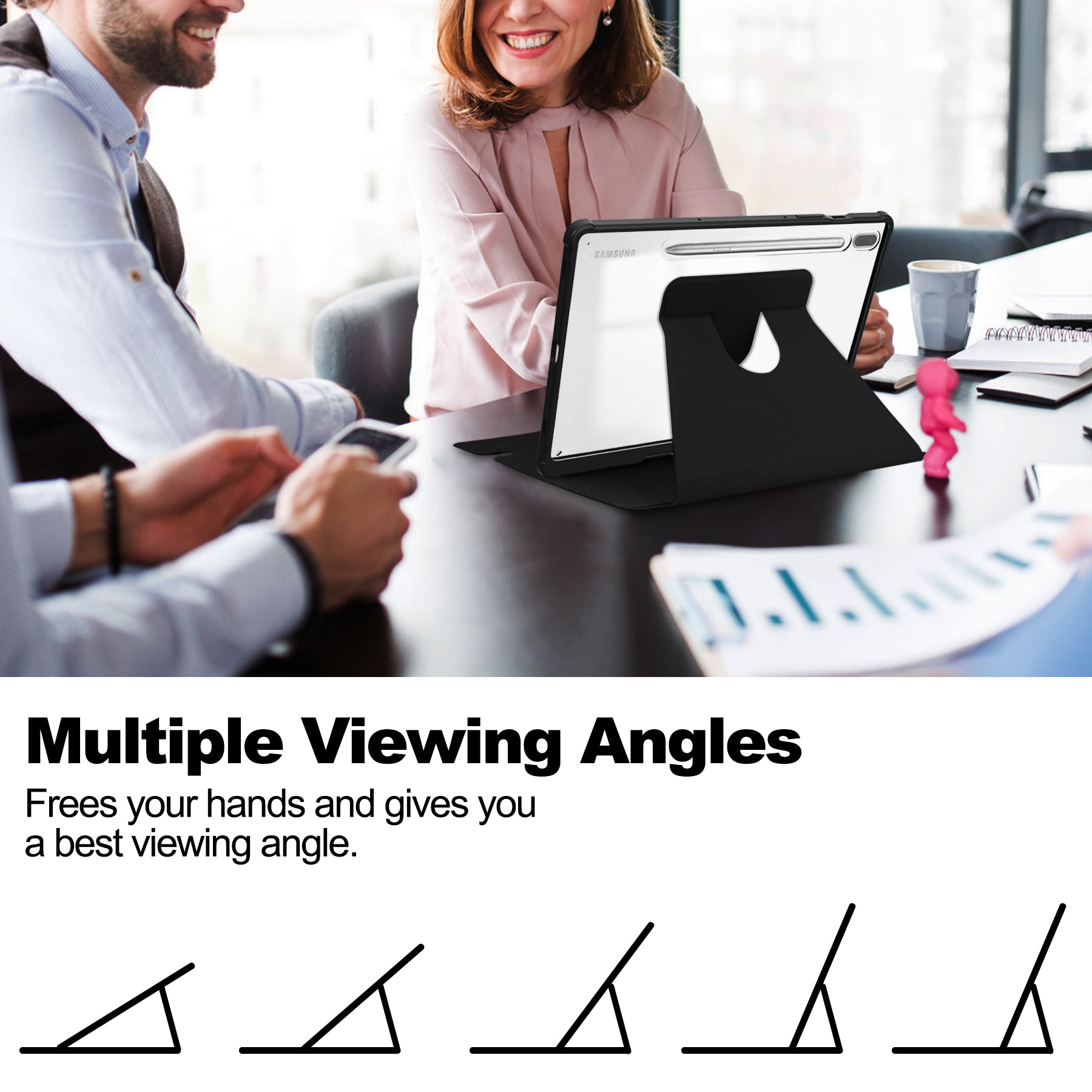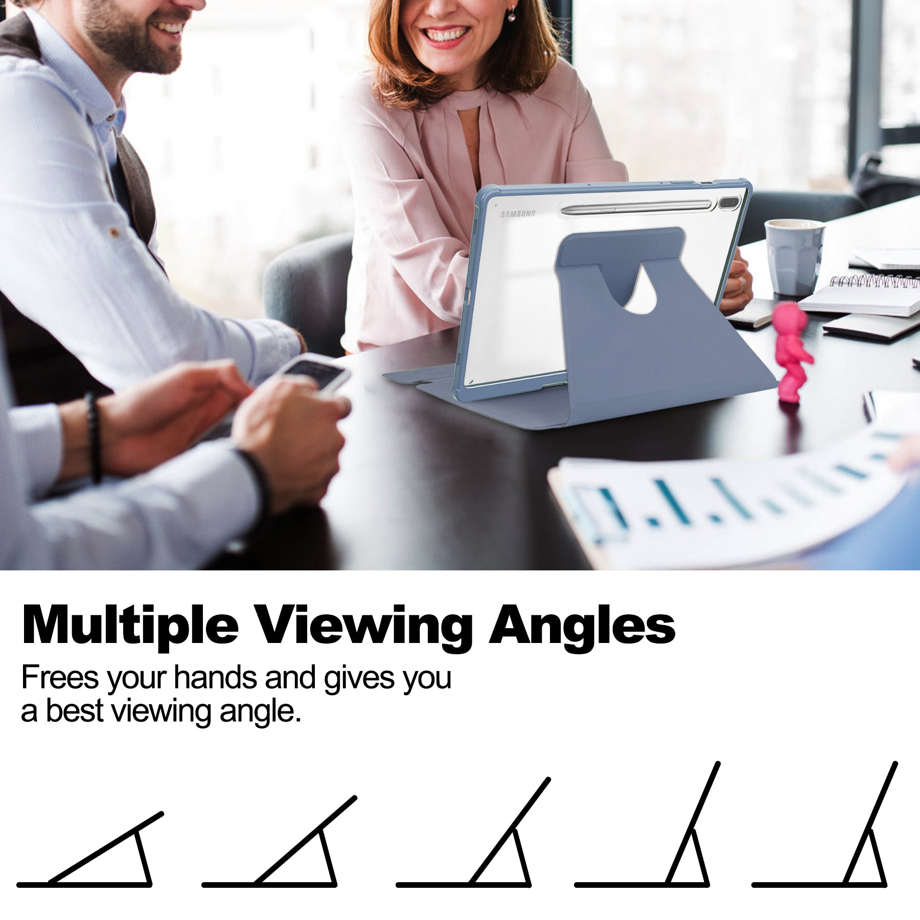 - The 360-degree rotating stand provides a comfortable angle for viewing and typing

--

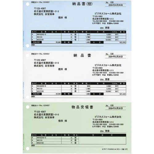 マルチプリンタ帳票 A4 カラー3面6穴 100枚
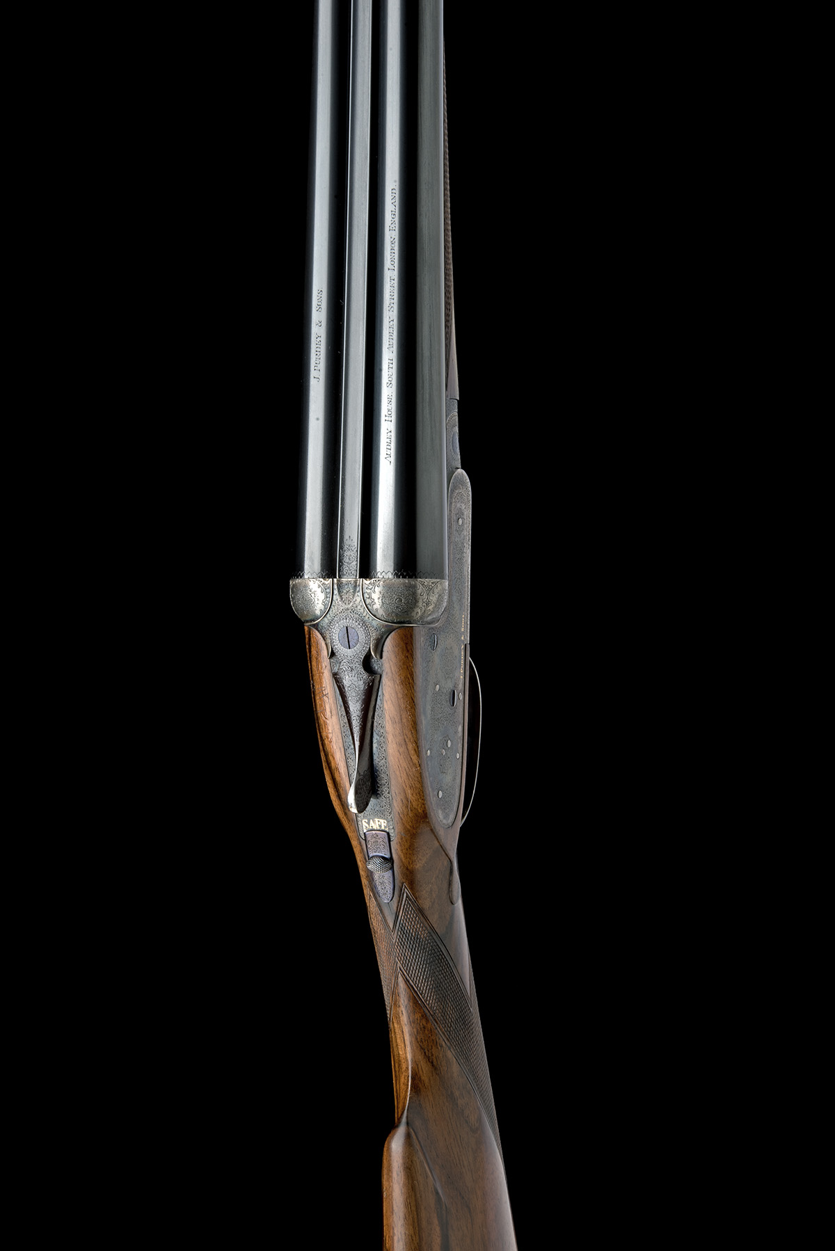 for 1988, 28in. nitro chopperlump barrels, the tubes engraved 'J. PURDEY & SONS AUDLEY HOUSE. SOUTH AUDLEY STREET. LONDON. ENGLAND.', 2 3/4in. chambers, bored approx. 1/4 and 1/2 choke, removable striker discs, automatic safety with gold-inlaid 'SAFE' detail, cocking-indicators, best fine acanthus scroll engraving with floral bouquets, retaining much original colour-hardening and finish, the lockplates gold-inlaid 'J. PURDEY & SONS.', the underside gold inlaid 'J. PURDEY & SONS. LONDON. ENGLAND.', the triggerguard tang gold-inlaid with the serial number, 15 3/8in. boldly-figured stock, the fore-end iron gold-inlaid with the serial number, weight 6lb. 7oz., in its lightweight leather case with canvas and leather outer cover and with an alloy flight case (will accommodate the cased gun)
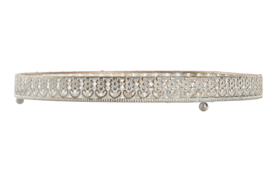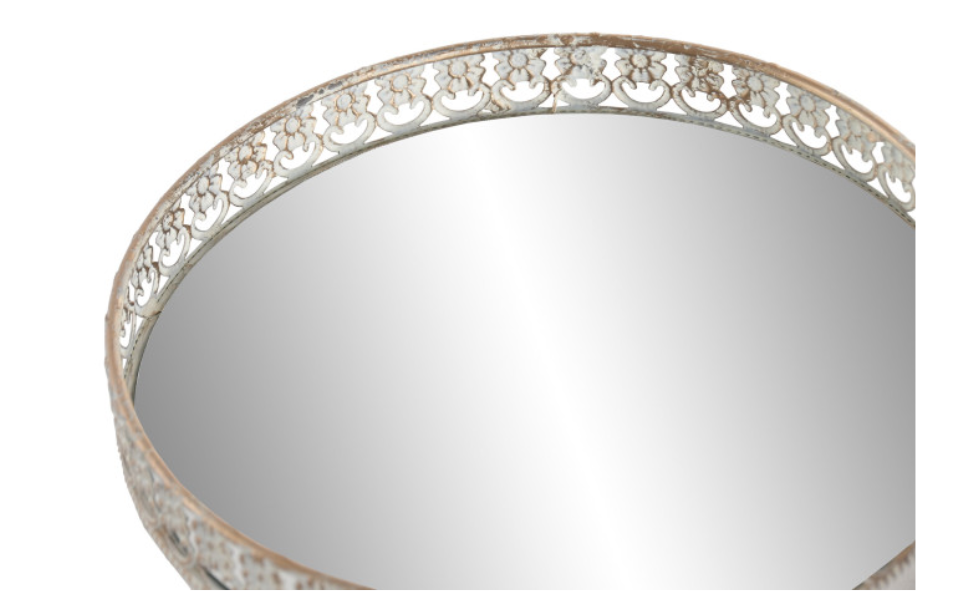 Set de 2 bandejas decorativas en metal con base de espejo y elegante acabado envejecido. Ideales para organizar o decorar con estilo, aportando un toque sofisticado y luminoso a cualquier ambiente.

--

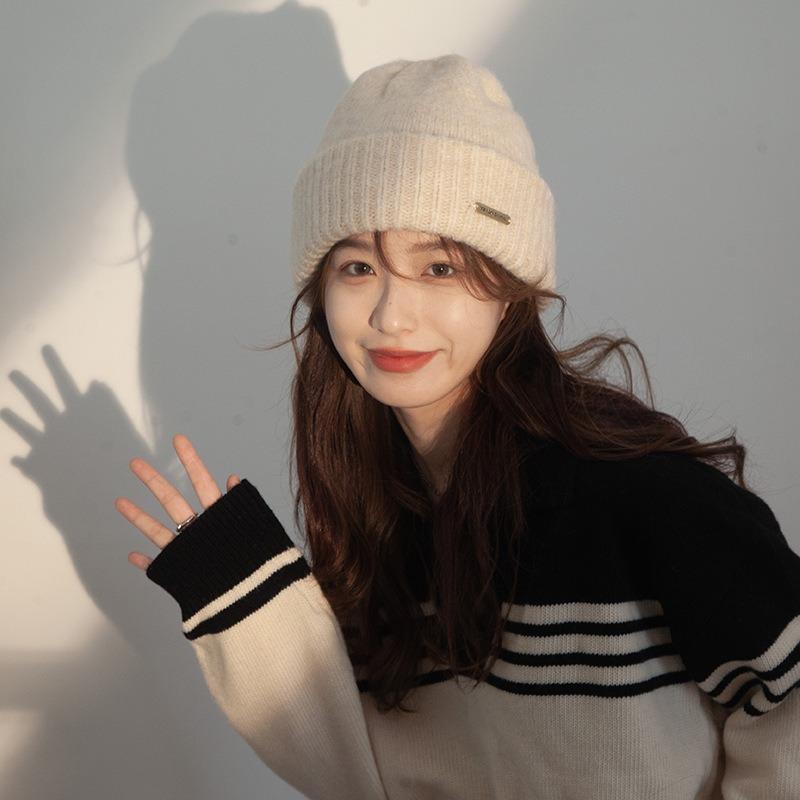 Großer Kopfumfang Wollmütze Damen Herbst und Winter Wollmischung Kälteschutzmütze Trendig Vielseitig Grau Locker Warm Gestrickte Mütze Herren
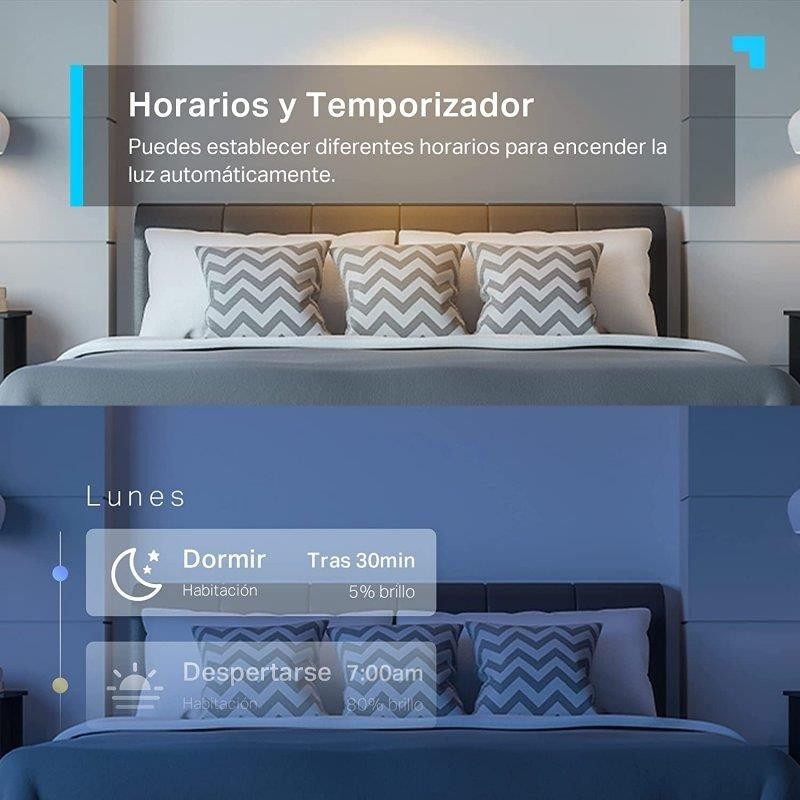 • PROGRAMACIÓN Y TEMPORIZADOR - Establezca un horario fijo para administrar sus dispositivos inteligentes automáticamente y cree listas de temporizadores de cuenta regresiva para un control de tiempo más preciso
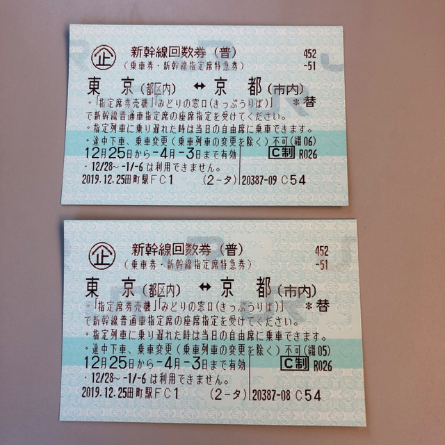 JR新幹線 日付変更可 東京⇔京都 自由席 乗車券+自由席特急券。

_Task to carry out_.
Exact copy, pictures excluded: every line above from the one containing "tiempo más preciso" to the one containing "JR新幹線 日付変更可 東京⇔京都 自由席 乗車券+自由席特急券。", inclusive, and nothing more.

_Exercise answer_.
 • PROGRAMACIÓN Y TEMPORIZADOR - Establezca un horario fijo para administrar sus dispositivos inteligentes automáticamente y cree listas de temporizadores de cuenta regresiva para un control de tiempo más preciso
 JR新幹線 日付変更可 東京⇔京都 自由席 乗車券+自由席特急券。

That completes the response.